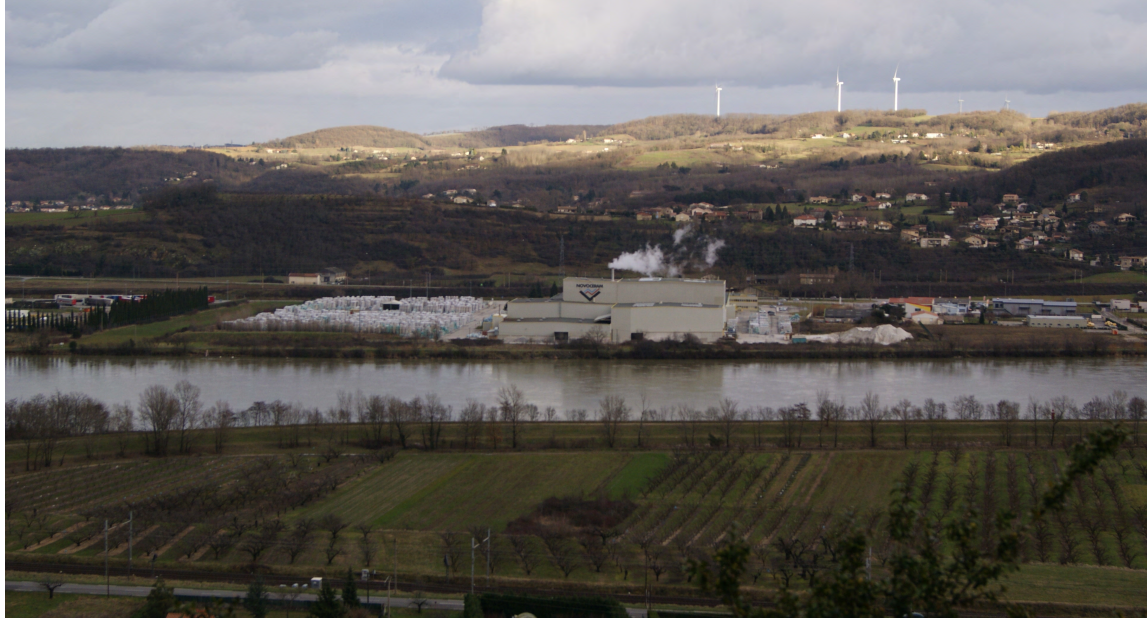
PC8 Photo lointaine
★ ★ ★ ★ ★
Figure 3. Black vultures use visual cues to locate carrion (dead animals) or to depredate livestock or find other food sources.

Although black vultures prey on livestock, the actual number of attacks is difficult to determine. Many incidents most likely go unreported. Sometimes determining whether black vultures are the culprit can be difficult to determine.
★ ★ ★ ★ ★
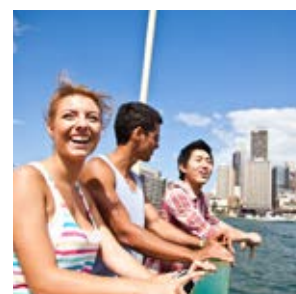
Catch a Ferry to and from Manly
★ ★ ★ ★ ★
▸ Exercise objective: In the data above, each line holding "livestock" is to be found and copied.

▸ Task result:
Figure 3. Black vultures use visual cues to locate carrion (dead animals) or to depredate livestock or find other food sources.
Although black vultures prey on livestock, the actual number of attacks is difficult to determine. Many incidents most likely go unreported. Sometimes determining whether black vultures are the culprit can be difficult to determine.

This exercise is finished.